Side of a building lit up with an American flag.

On our last day in the City, we enjoyed an evening on Broadway where we saw a fabulous performance of Wicked. We ended the night with a stop in a nearby deli for some authentic New York cheesecake before boarding the subway and bidding adieu to the city. We found the Times Square Subway Station to be as busy at 10 PM as it was at noon, and the character of it's clientele was as vibrant as the lights outside. As our train made it's way downtown, the crowds began to diminish at each stop until finally we were the only people remaining. I looked into the adjacent cars and realized we were completely alone on the subway in New York. It was equally thrilling and terrifying at the same time. I mean, when are you ever completely alone in Manhattan? But at the same time I couldn't help but remember every single scary movie I have ever watched about New York, and they all start with someone completely alone in the wrong place.

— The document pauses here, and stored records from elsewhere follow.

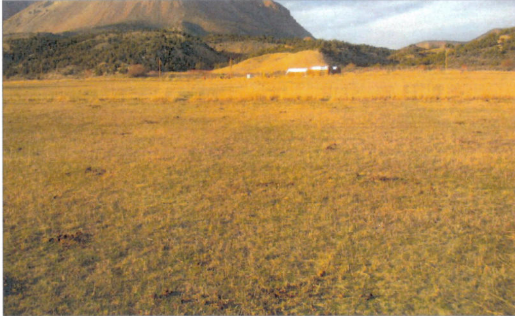
PHOTO: VIEW OF PROPOSED PAD
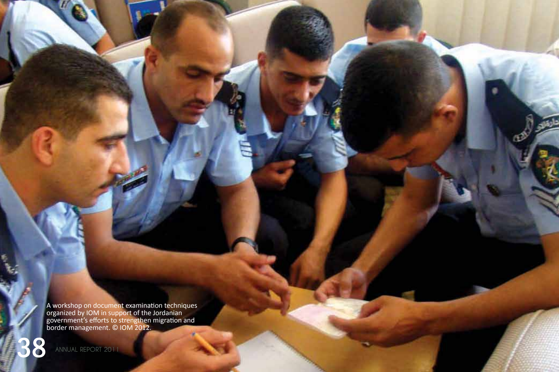
A workshop on document examination techniques organized by IOM in support of the Jordanian government's efforts to strengthen migration and border management.
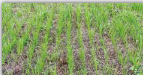
During Vredo (Day 13)
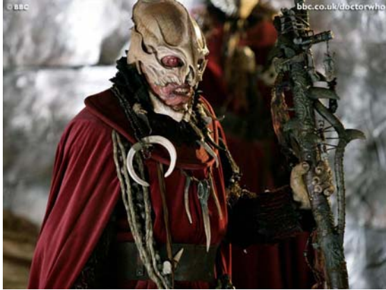
28. a. Sycorax
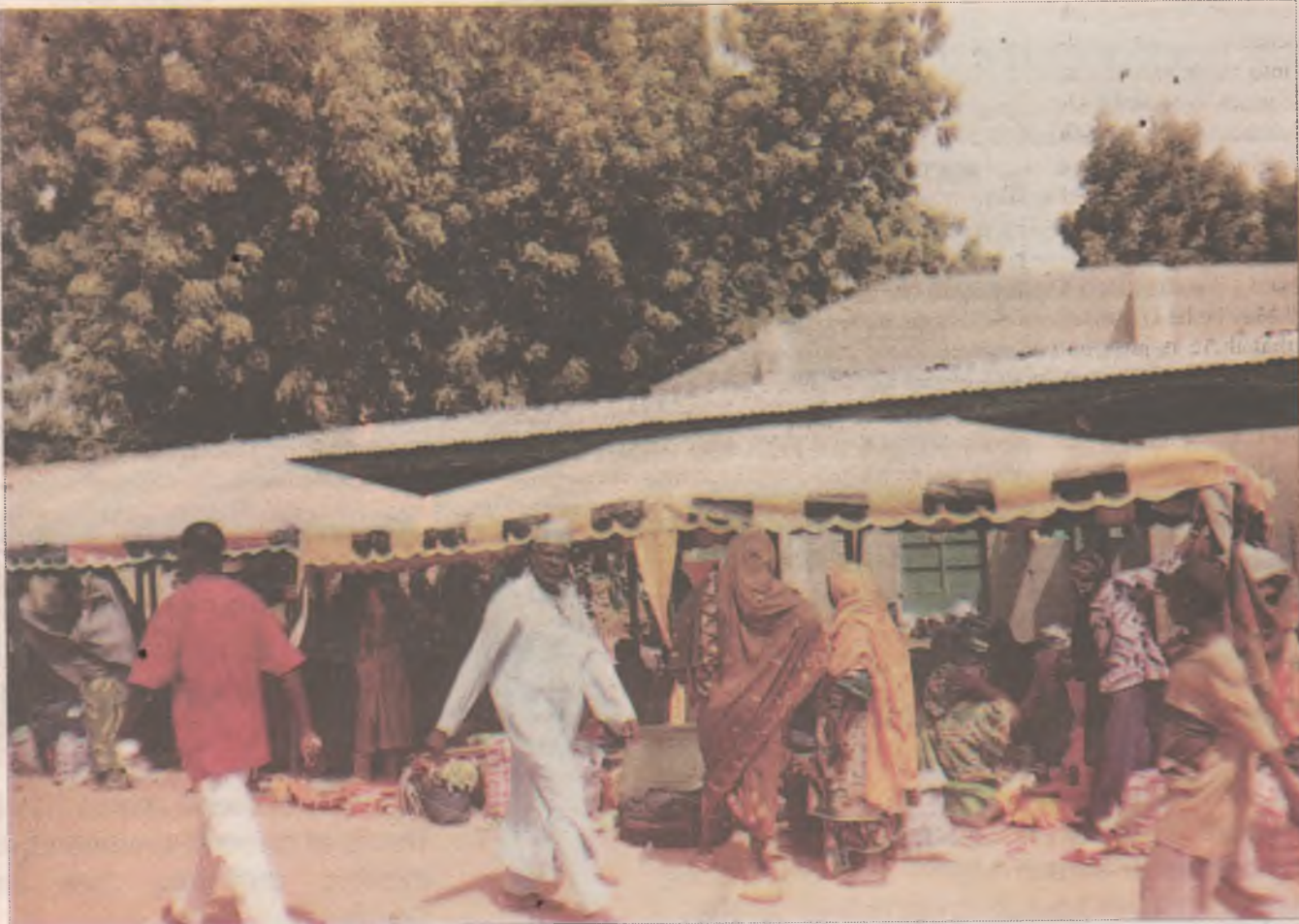
Intending pilgrims going about their business in a normal day at the camp

The moments indeed began with a harsh atmosphere which was, though, avoidable. Rather than gathering them at the already well developed befitting hajj camp with hostel accommodation, water, electricity and hajj lecture opportunities used in the past, the 3119 pilgrims were made to converge at a transit camp situated around the Maiduguri International Airport. "Last year we had cases of illnesses that arose from pilgrims being exposed to cold weather. So this time, we would not expose our pilgrims to this cold weather, but in hostels," the executive

The remaining 10 minutes it took to get to our stop seemed to take an eternity. Twice I am almost sure I could hear the scary music that plays right before something really bad happens in a movie. Finally the announcement for our stop echoed throughout our empty car and we emerged once again from the bowels of the city up into the financial district.

Two ladies on their way up an escalator in the subway.

With the help of our iPhones, we quickly navigated the deserted streets back to the ferry terminal, but as we rounded the corner to the entrance, my heart leaped into my throat. The terminal was dark and the gates were locked up tight for the night - we had missed the boat. A thousand thoughts raced through my mind all at once. How much would a cab cost from New York to New Jersey? Where are all the cabs - we had been walking for 10 minutes and not passed a living soul. Are we safe? Where are all the people Now what? Fortunately for me, Peter is a man of action and was already leading us to a well lit street. We turned a corner and found a very nice hotel with a bell man outside. He was extremely helpful and recommended a private car service called Go Green that happened to have just dropped off a client and was waiting outside for his next fare. The driver was absolutely wonderful and took us all the way to our RV in Jersey City for only $36 - just a little more than the ferry cost.

With three days of adventures behind us we stumbled back into Winnie the View, tired, content and ready to crawl into the warm comfort of our own beds. Home sweet home never felt so good. Who knew that our time in the Big Apple would be so much fun. Thanks Abby for the great adventure.